Rabbi Yisrael Cohn
Director of Aliyah, Jerusalem Municipality
Rosh HaShana: Time to Move
אמר רבי כרוספדאי אמר רבי יוחנן: שלשה ספרים נפתחין בראש השנה, אחד של רשעים גמורין, ואחד של צדיקים גמורין, ואחד של בינוניים. צדיקים גמורין – נכתבין ונחתמין לאלתר לחיים, רשעים גמורין – נכתבין ונחתמין לאלתר למיתה, בינוניים – תלויין ועומדין מראש השנה ועד יום הכפורים. זכו – נכתבין לחיים, לא זכו – נכתבין למיתה
“Rabbi Crusphedei taught in the name of Rabbi Yochanan. Three books are opened on Rosh Hashana, one of completely wicked people, one of completely righteous people and one of Beinonim. The completely righteous are written and sealed immediately for life. The completely wicked are written and sealed immediately to die. [The judgment for] Beinonim is suspended from Rosh HaShana until Yom Kippur. If they merit, they are inscribed for life. If they do not merit they are inscribed to die”
The Gemara relates that the judgment of Rosh Hashana can have three outcomes. There are, it seems, three types of people. The first category is the Tzadik, the righteous individual. There is no debate concerning this person. This person has developed a healthy relationship both with God and with other people. He/she is inscribed immediately into the book of life. The second category is the Rasha, a wicked person. This person does not have a healthy relationship with God. This person has forfeited the right to live and is inscribed to die.

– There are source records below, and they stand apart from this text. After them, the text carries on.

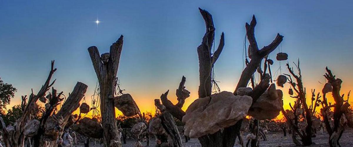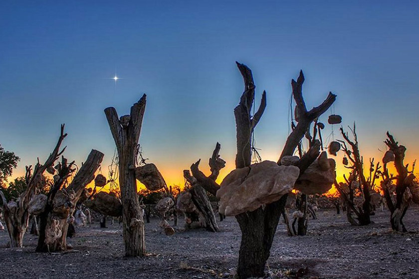 در گوشه ای از شهر سیرجان باغی در زمینی خشک به چشم می خورد که درویش خان اسفندیارپور آن را بنا کرده است؛ باغی که ذره ای حیات در آن دیده نمی شود و سال هاست که همه چیز در آنجا مُرده است. آنچه پیش روی مان قرار دارد، یک باغ به شکل یک شش ضلعی نامنظم است که به جای سرسبزی تنها درختان خشکیده ای را در خود جای داده و میوه هایش از جنس سنگ هستند. در دانه دانه این میوه های سنگی رازی نهفته است و هر کدام شان علامت سوالی را به دنبال خود می کشانند.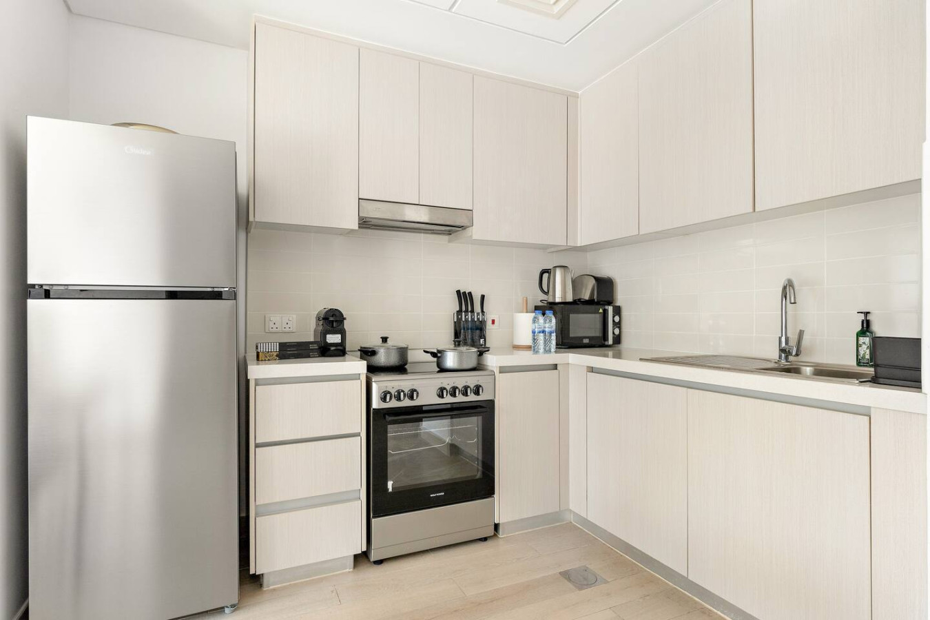 It is fully equipped with stainless-steel cooking appliances that make it suitable for preparing any meal, whether a simple breakfast, quick snack or a three-course gourmet dinner. Spacious quartz countertops and a central kitchen island provide plenty of room to work your MasterChef magic.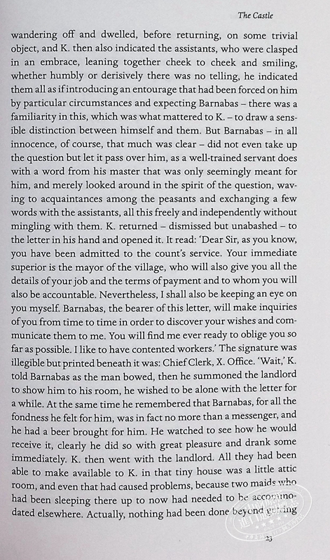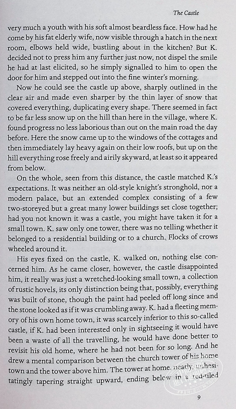 《城堡》讲述了 K. 的故事,K. 是一位不受欢迎的土地测量员,他永远不会被允许进入城堡,也不会被村庄所接受,但也无法回家。 当他遇到确定性与怀疑、希望与恐惧、理性与无意义的二元性时,K.在荒谬、迷宫般的世界中挣扎,他发现自己似乎揭示了关于存在本质的难以解释的真理。 卡夫卡于 1922 年开始创作《城堡》,但从未完成,但这本是他三部伟大小说中的终部,却得出了引人入胜的结论,让人感觉它奇怪地完整了。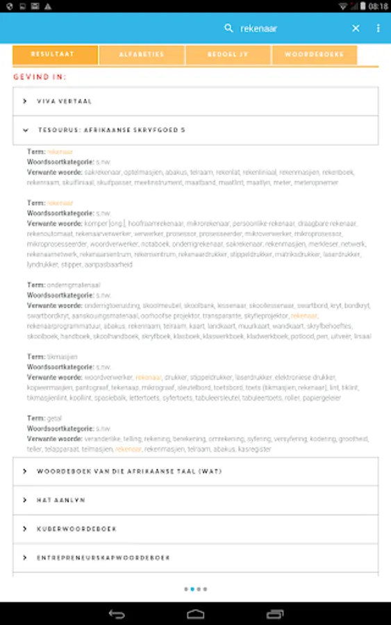 - Woordeboek van die Afrikaanse Taal (WAT) (More than 210,000 lemma from the only comprehensive explanatory dictionary of Afrikaans)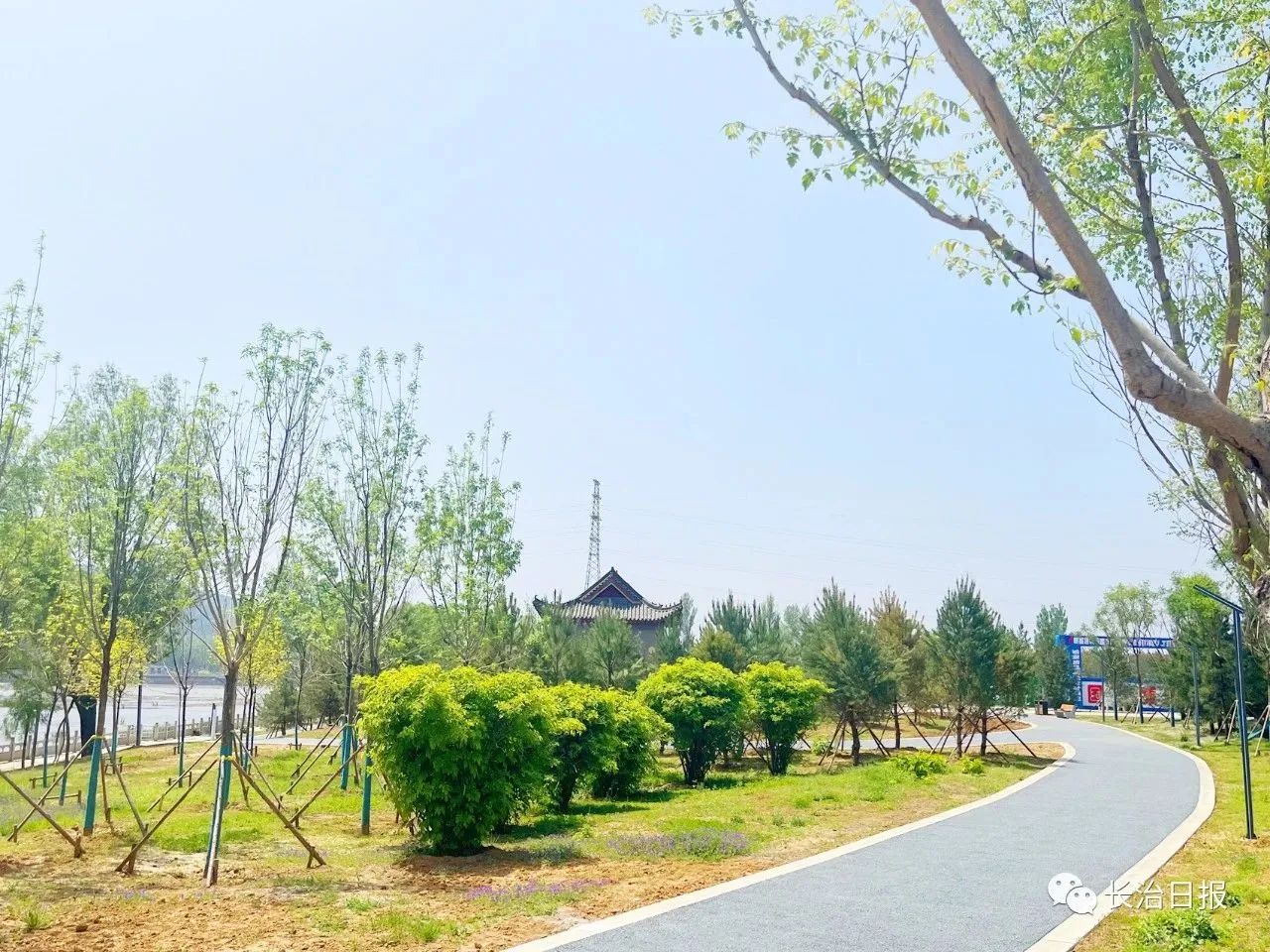 沁河县城段综合治理项目负责人李王刚介绍说:“我们还在沿线设置了户外客厅、健身乐园等,建设园内面积最大的广场——碧波广场,采用流线型设计元素,意为‘沁河之水’,寓意沁河之水碧波荡漾、源远流长,北侧设置4座特色景观灯,夜晚呈现脉冲流水的效果,寓意为‘四季平安、国利民福’。在园林绿化工程方面,针对沁源‘油松之乡’的美誉,配合观赏性落叶树种如五角枫、银杏等彩色树种以及时令性花卉地被,整体打造四季有景、三季观色的优美景观。”公园内选用的树种和植被具有涵养水源、防风固沙、净化空气、美化环境等生态效益。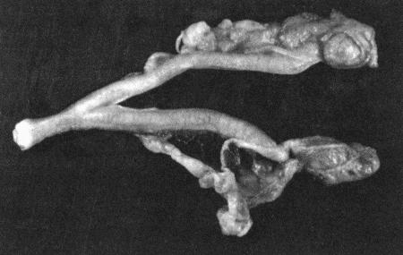 Репродуктивный тракт интерсексуального животного, фенотипически являющегося самкой. Ткани мужских и женских гонад представлены придатками семенника и рогами матки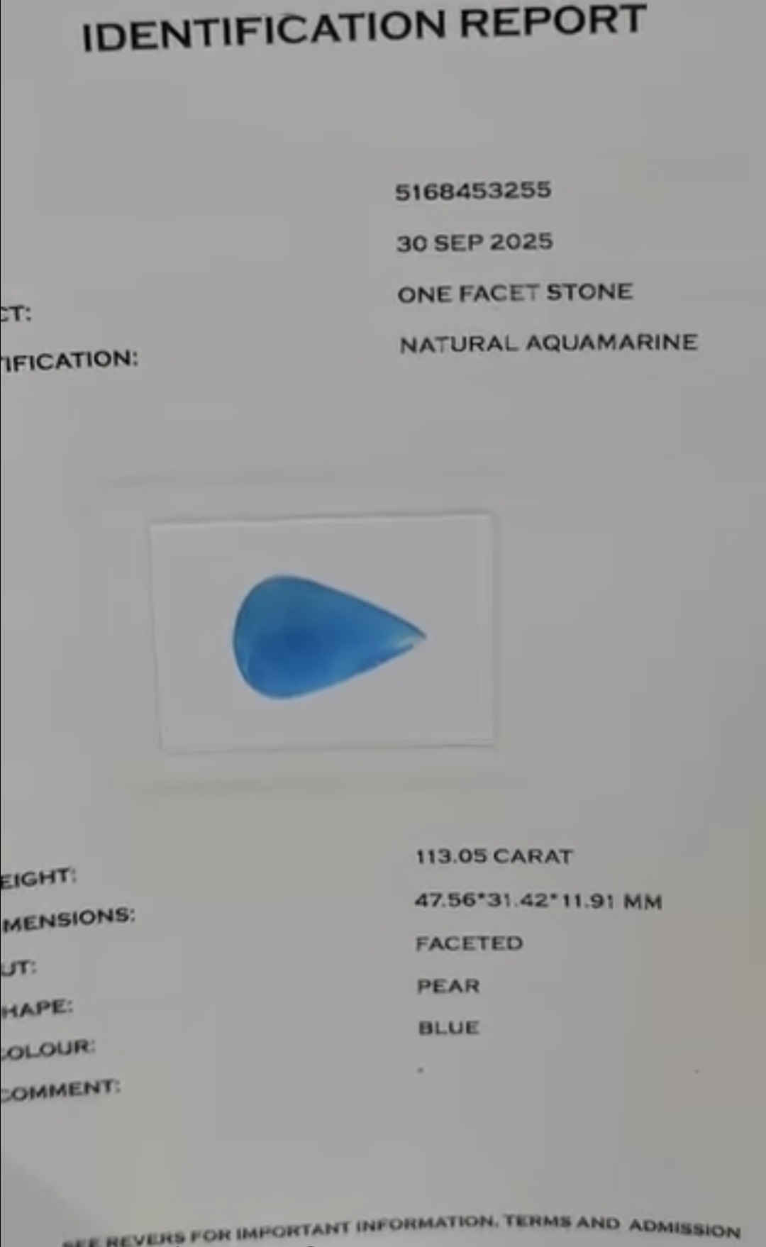 آکوامارین غولپیکر معدنی 113 قیراطی شناسنامه دار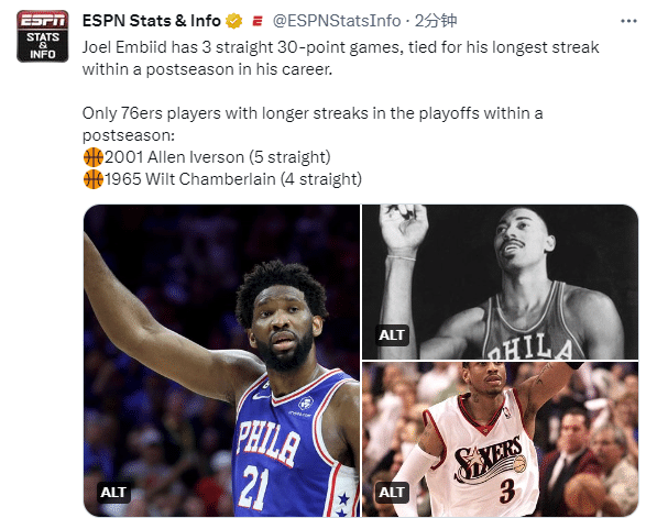 来源:直播车05-10 11:30直播车05月10日,NBA季后赛76人G5击败凯尔特人夺赛点,系列赛大比分3-2夺赛点,恩比德全场23投10中拿到33分7篮板3助攻4盖帽,追帽塔图姆和布朗双探花太疯狂,末节轰进三分疯狂庆祝以及大笑鼓掌,恩比德创纪录,季后赛连续3场30+追平生涯最长纪录,也是队史第三长纪录,在场正负值+21全队第一。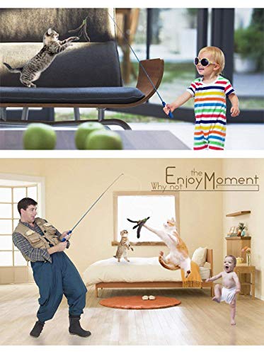 Safe material! – The fishing pole is carefully crafted from lightweight but sturdy carbon fiber with a soft foam handle which is an ergonomics grip for you to hold. Wild feather dangler is connected via long lasting nylon wire to make play more interesting.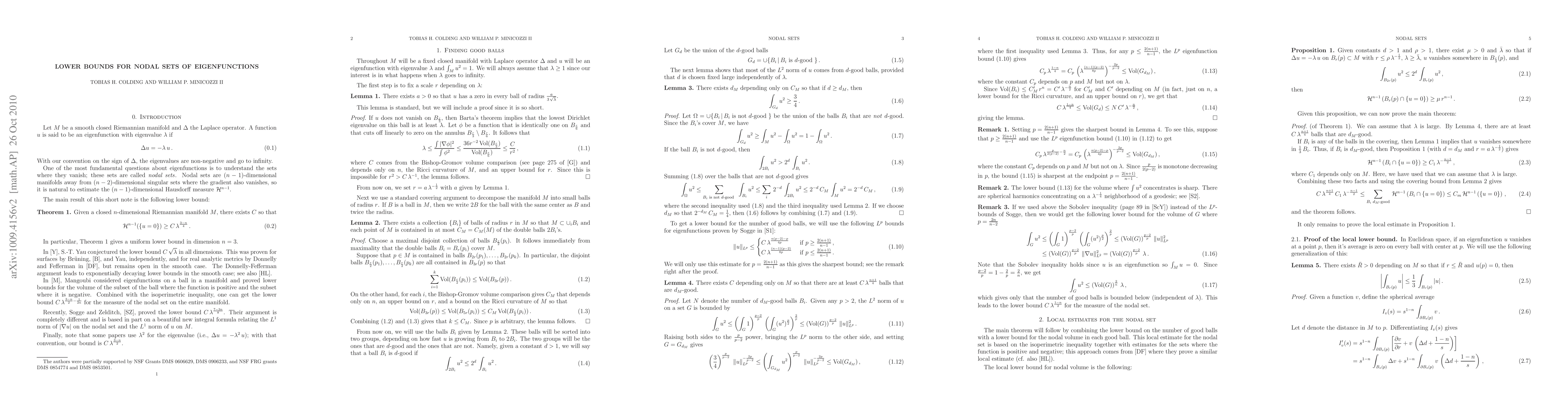 Summary: This paper establishes lower bounds for the Hausdorff measure of nodal sets of eigenfunctions, contributing to the understanding of the geometric distribution of these critical points in spectral theory. The results provide new insights into the behavior of eigenfunctions in mathematical analysis.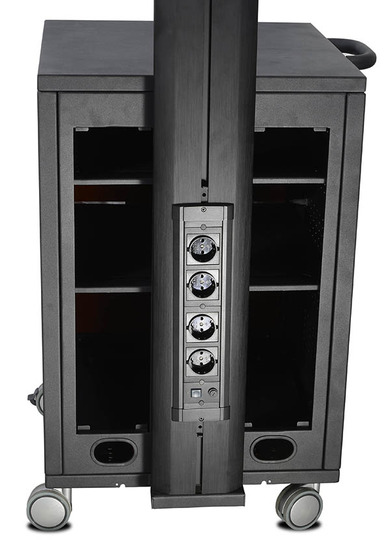 - M7761 (7350022737761) - Мобильная стойка для ЖК-панели 40-60", VESA 800x400, -5°+15°, до 60кг, портретная/альбомная, с закрытой стойкой под оборудование (три полки), 4xSchuko, алюминий, черный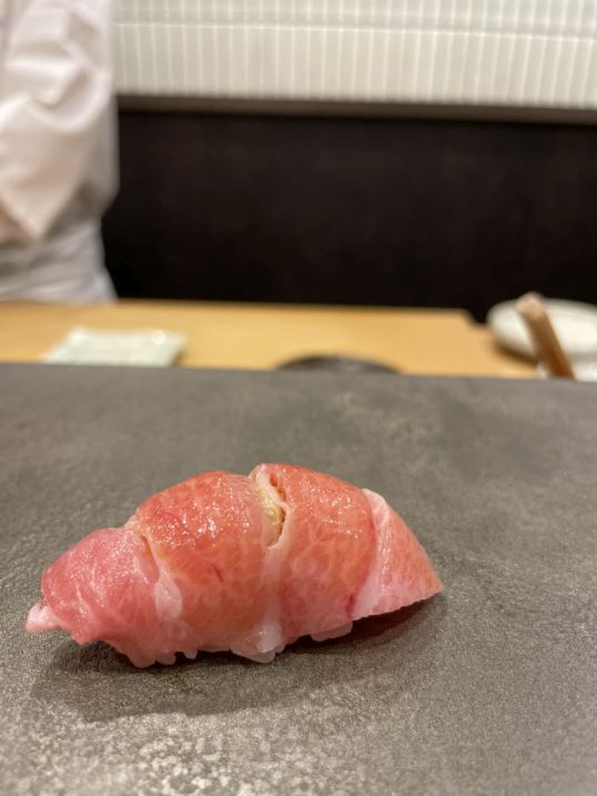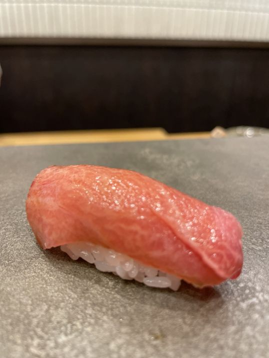 The first sushi we were served was likely hamachi, clean and delicate, with a soft, buttery texture. The flavor was mild and slightly sweet, almost melting on the tongue, a gentle and perfect way to begin the meal.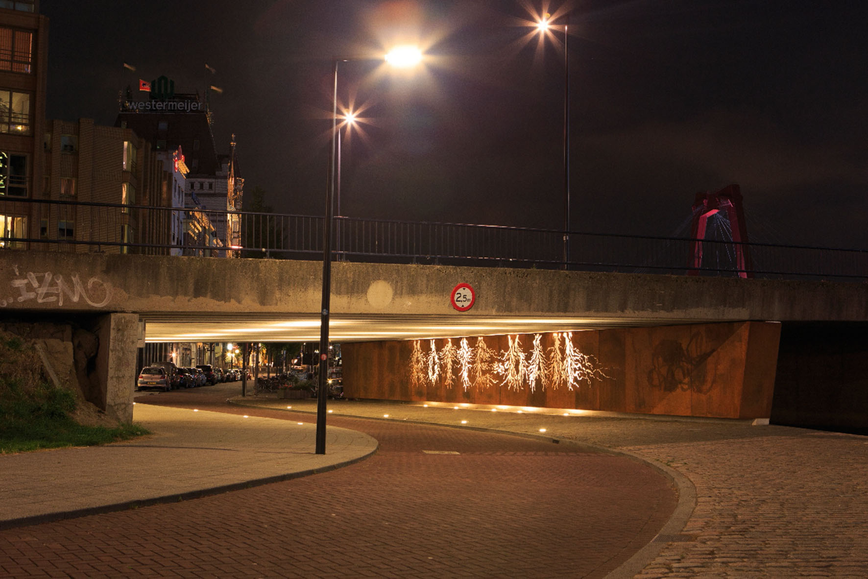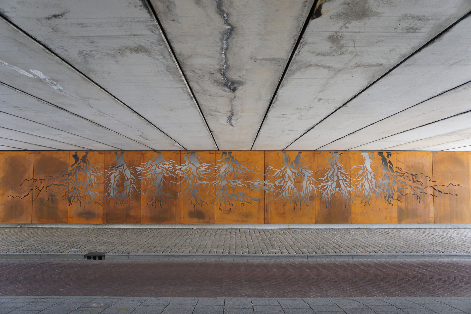 In een cortenstalen wand zijn wortelvormige uitsneden gemaakt die samen het woord “ROTTE-DAM” vormen. Vooral in de avonduren komt het werk tot leven, wanneer licht vanuit de vloer de uitgesneden vormen verlicht en zo een krachtige visuele link legt met de historische wortels van de stad.Het kunstwerk meet 2,5 meter in hoogte en is 26 meter breed.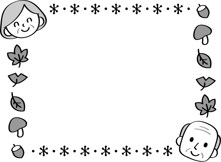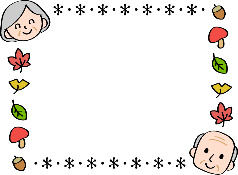 敬老の日 おじいちゃん おばあちゃん 落葉 はっぱ 紅葉 どんぐり ドングリ きのこ キノコ 茸 イチョウ 福祉 秋のイベント 秋フレーム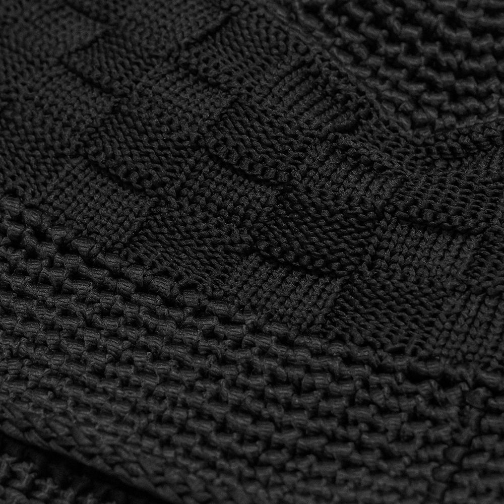 適度なハリと上品な光沢はありながらも、伸縮性と柔らかさも兼ね備えたポリエステルニット素材を使用しています。手編みと編み機を用いて作製されており、ハンドメイドの温もりは残しつつも、均一でシャープな編み模様が表現された、モダンな仕上がりです。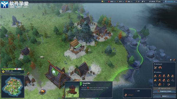食物储存仓(100木,伐木工小屋)——此区域的食物产量提升10%。提升食物最大储存量
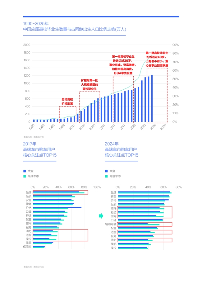 造就上述奇觀的核心推手就是20世紀(jì)末與21世紀(jì)初由中國政府主導(dǎo)的轟轟烈烈的高校改革(擴(kuò)招),當(dāng)時(shí)主要目的是緩解中國經(jīng)濟(jì)快速發(fā)展中的人才瓶頸挑戰(zhàn)。2003年起,中國社會(huì)快速涌現(xiàn)第一批大規(guī)模擴(kuò)招后的高校畢業(yè)生,他們正好趕上了中國加入WTO后對(duì)外貿(mào)易蓬勃發(fā)展與國內(nèi)互聯(lián)網(wǎng)經(jīng)濟(jì)快速崛起等諸多發(fā)展機(jī)遇,他們也不負(fù)眾望,快速成為新時(shí)代的弄潮兒。經(jīng)過十年左右摸爬滾打的第一批擴(kuò)招生,從2013年起陸續(xù)邁過30歲,完成結(jié)婚生子,組建起小家庭,也積累了不少家庭財(cái)富,進(jìn)入十三五后,他們掀起了買買買浪潮,尤其是高端奢侈品。在具體購車層面,高端品牌典型代表的BBA,成為第一批高校擴(kuò)招生買買買浪潮的最大受益者,BBA不僅能更滿足青年男性對(duì)動(dòng)力、操控等性能的要求,強(qiáng)大的品牌力也能幫助事業(yè)有成的青年用戶得到社會(huì)更好的認(rèn)可。在高端車市的關(guān)注點(diǎn)排行中,雖然動(dòng)力、操控相對(duì)靠后,但它們對(duì)比大盤都比較突出,這種差異性容易成為產(chǎn)品的獨(dú)特賣點(diǎn),更好吸引用戶;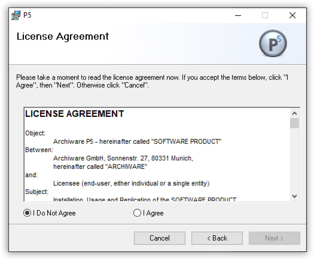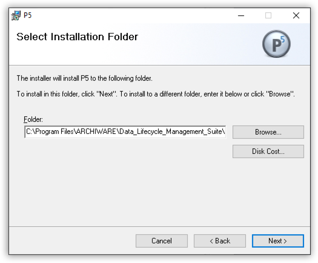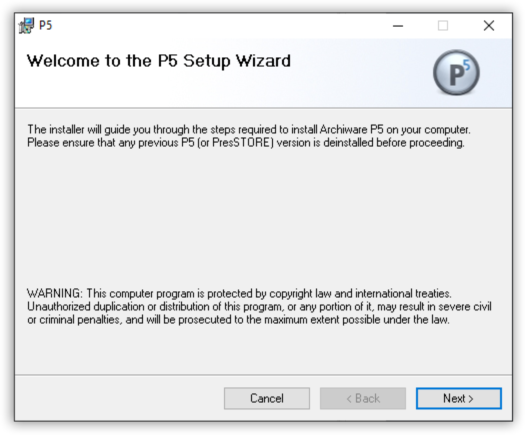 ArchiwareウェブサイトでArchiware P5のインストーラをダウンロード可能です。 インストールファイルは ‘awpstXYZwin.zip’ です。 (「xyz」はバージョンを示す数字が入ります)。このzipファイルを展開すると インストーラファイルであるP5-64.msiが入っています。msi インストール ファイルをダブルクリックするとWindowsインストーラーが実行されます。

The third category Beinonim, literally those in the middle, seems a little more complicated. This is the category of people who do not fit into either extreme. They are neither exceptionally good nor exceptionally bad. The Gemara suggests that we consider ourselves in this category. This is probably the largest of the three categories. It is important for us to understand how these people are judged? What is their fate?
The Gemara explains. The Beinonim are in the balance. Their fate is undecided. It all depends on how they utilize the days between Rosh Hashana and Yom Kippur. If they use these days as an opportunity to repent and correct that which needs fixing then they are elevated to the book of life. If they do not utilize these days they move in the other direction and their lives come to an end. In other words, if they do nothing, they are automatically demoted. No one remains a Beinoni after the judgment of Yom Kippur.
This seems a puzzling way to resolve a problem. If someone does not act, the status quo should remain. They did not do anything right, but they also did not do anything wrong. Why is the passive Beinoni of Rosh Hashana inscribed in the book of death?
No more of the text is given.